DETAILED DESCRIPTION OF SPECIFIC EXAMPLES

[0007] The techniques disclosed herein describe a computer system with multiple processing units coupled to a same mother board and configured to operate as two distinct computer subsystems. Each distinct computer sub-system is separately booted, runs its own separate operating system, and executes software programs independently from the other sub-system. However, the two subsystems, being coupled to the same motherboard, are able to share resources, which reduces the use of redundant components and results and overall lower cost. [0008] In some examples, the computer system is configurable to operate in one of two selectable modes. In the first mode, the computer system is configured as a single multiprocessor computer. In the second mode, the computer system is configured to operate as two separate computer subsystems coupled to a same motherboard. In this way, a single computer system can be manufactured and used to satisfy different product offerings with only minimal changes to the system's components. Furthermore, the computer system can be easily repurposed by the user, such as a system administrator.

[0009] Fig. 1 is a block diagram of an example computer system that is configurable to operate as two distinct computer sub-systems. The computer system is generally referred to by the reference number 100. The functional blocks and devices shown in Fig. 1 can include hardware elements such as circuitry or a combination of both hardware and software elements including processors and computer code stored on a non-transitory, computer-readable medium. Additionally, the functional blocks and devices of the computer system 100 are only one example of functional blocks and devices that may be implemented in examples of the present techniques.

[0010] In some examples, the computer system 100 is a general-purpose computing device, for example, a desktop computer, laptop computer, business server, a blade server, and the like. The computer system 100 includes a number of processing units 102. As used herein, the term "processing unit" refers to a general purpose processor that encompasses a complete semiconductor die. A single processing unit 102 may include a plurality of processor cores. In the example shown in Fig. 1 , the computer system 100 includes four processing units 102.

However, the computer system 100 can have a different number of processing units 102, including two, six, or eight processing units, or more.

[0011] The computer system 100 can also have one or more types of tangible, non-transitory, computer-readable media, such as a system memory 104 that is used as a working memory. As used herein, the term working memory refers to the memory used by a processor during the execution of programming instructions. The system memory 104 can include Random Access Memory (RAM), including volatile memory such as Static Random-Access Memory (SRAM) and Dynamic Random- Access Memory (DRAM), non-volatile memory such as Resistive random-access memory (RRAM), and any other suitable memory types or combination thereof. Each processing unit 102 may have an integrated memory controller (not shown) for controlling the system memory 104. However, other configurations are also possible. For example, the processing units 102 may be coupled to the system memory 104 through an external memory controller.

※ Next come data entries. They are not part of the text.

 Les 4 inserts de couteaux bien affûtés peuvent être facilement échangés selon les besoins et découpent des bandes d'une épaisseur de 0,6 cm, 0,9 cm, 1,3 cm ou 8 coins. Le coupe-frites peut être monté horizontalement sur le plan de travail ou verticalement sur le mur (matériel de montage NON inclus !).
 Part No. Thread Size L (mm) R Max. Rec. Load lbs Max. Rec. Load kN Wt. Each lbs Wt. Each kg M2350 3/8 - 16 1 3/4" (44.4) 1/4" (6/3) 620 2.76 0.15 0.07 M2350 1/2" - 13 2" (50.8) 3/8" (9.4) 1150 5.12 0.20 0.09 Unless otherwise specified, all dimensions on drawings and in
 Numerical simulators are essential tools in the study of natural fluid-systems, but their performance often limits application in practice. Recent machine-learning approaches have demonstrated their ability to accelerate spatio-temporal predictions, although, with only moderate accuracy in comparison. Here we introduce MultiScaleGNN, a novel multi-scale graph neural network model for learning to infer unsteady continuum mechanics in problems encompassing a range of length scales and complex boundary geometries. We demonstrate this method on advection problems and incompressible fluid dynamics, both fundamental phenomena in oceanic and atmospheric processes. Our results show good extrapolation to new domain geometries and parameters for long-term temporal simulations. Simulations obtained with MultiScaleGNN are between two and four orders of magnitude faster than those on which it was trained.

[0012] Each processing unit 102 may also include an integrated I/O bus 106 that enables the processing unit 102 to communicate with one or more I/O devices 108. The I/O busses 106 and I/O devices 108 can communicate using any suitable expansion bus communication standard, including PCI Express® and Ethernet among others. The I/O devices 108 may include storage controllers, network interface controllers (N ICs), Infiniband controllers, and the like.

[0013] At least one of the I/O devices may be a storage controller (not shown) that enables the processing unit 102 to access a storage device 1 10, such as a disk drive, solid state drive, array of disk drives, array of solid state drives, or a network attached storage appliance, among others. The storage device 1 10 can also include other tangible, non-transitory, computer-readable storage media for the long-term storage of operating programs and data, including the operating programs and data such as user files.

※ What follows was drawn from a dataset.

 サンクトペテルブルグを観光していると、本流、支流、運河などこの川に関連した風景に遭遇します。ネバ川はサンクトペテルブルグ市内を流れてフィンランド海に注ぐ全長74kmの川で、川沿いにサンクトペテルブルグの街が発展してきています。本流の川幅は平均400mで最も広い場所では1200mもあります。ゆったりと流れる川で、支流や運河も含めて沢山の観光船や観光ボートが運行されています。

[0014] The computer system 100 can also include one or more processor interconnect links 1 12, which enable communication between the processing units 102 and sharing of system memory 104 and other platform resources. When operating together as part of the same computer system or subsystem, the processor interconnect links 1 12 may be used to share computing tasks during the execution of a software program. The processor interconnect links 1 12 may be Quick Path Interconnect (QPI) connections, for example.

[0015] The computer system 100 also includes a management controller 1 14, which enables a system administrator to remotely monitor and control the computer system 100. The management controller 1 14 is an out-of-band management controller that can provide management capabilities regardless of whether the computer system 100 is powered on or has an installed or functional operating system. The management controller 1 14 is a stand-alone function that remains powered when the rest of the system 100 is turned off. Out-of-band management controllers are sometimes referred to as a baseboard management controllers (BMC) or Integrated Lights-Out (il_0) management controllers. The system administrator can access the management controller 1 14 remotely through a dedicated, out-of-band management channel that does not rely on other components of the computer system 100 to operate.

[0016] The management controller 1 14 operates outside of the host operating system and can include its own separate processing resources and memory, and can also include a separate back-up power supply. The management controller 1 14 can receive management through a communication channel (not shown) that bypasses the computing device's main processing units 102. For example, out-of- band management enables an administrator to remotely turn on a computer, update a computer's Basic Input/Output System (BIOS), and monitor computer resources even while a computer's main processing units are powered down.

[0017] The computer system 100 also includes at least one Southbridge, referred to herein as first Southbridge 1 16. The computer system 100 can also include an optional Southbridge, referred to herein as second Southbridge 1 18. Each

Southbridge 1 16 and 1 18 is coupled to the management controller 1 14 and serves various functions of the computer system 100, such as power management, system clocking, Direct Memory Access (DMA) to the system memory 104, Basic

Input/Output System (BIOS), system initialization (Booting), and support for coupling peripheral devices. Each Southbridge 1 16 and 1 18 is also coupled to at least one of the processing units 102 through a communications link such as Direct Media Interface (DMI) link. Each Southbridge may also be used to support additional I/O devices 120, which may include input devices, such as a mouse, touch screen, keyboard, display, and output devices such as display monitors.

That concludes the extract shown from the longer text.